Problem to solve >>
Would you please return the lines of the entries below starting at the line that has "白ラベルは、爽やかな飲みごこ" and ending at the line that has "鋼絲繩電動葫蘆型式有很多種,包括固定式、", both included, exactly as they are?

Material shown >>
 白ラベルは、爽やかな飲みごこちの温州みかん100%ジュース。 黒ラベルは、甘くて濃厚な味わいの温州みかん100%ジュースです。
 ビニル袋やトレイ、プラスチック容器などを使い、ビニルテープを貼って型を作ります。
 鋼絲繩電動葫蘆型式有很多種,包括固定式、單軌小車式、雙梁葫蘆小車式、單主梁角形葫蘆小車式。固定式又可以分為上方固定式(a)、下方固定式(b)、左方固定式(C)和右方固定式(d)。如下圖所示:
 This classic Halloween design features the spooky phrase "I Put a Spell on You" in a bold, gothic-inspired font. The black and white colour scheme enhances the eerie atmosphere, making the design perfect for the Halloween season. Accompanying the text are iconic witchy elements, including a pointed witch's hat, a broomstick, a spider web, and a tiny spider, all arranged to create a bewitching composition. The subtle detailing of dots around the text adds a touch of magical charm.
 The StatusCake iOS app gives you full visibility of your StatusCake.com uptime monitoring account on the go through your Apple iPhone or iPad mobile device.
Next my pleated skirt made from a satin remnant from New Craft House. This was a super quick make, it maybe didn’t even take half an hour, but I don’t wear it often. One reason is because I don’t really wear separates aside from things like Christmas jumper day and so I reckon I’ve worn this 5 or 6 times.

---

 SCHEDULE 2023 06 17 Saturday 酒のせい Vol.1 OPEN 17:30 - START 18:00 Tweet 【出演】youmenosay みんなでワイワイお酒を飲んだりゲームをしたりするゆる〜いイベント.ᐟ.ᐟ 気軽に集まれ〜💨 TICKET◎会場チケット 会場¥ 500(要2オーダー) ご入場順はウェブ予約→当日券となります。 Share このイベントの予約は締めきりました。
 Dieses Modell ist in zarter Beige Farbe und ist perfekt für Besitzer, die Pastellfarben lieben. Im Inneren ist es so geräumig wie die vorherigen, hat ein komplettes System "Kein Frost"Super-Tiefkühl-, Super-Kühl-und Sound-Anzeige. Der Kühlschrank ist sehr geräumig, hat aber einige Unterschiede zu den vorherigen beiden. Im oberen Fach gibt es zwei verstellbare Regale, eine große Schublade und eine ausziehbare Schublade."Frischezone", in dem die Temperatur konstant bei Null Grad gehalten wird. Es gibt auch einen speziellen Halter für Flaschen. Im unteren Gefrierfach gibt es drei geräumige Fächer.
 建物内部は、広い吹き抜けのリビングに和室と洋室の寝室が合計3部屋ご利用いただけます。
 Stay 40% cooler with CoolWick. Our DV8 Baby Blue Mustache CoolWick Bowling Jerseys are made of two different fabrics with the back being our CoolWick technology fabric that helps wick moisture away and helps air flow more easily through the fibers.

Written response >>
 白ラベルは、爽やかな飲みごこちの温州みかん100%ジュース。 黒ラベルは、甘くて濃厚な味わいの温州みかん100%ジュースです。
 ビニル袋やトレイ、プラスチック容器などを使い、ビニルテープを貼って型を作ります。
 鋼絲繩電動葫蘆型式有很多種,包括固定式、單軌小車式、雙梁葫蘆小車式、單主梁角形葫蘆小車式。固定式又可以分為上方固定式(a)、下方固定式(b)、左方固定式(C)和右方固定式(d)。如下圖所示:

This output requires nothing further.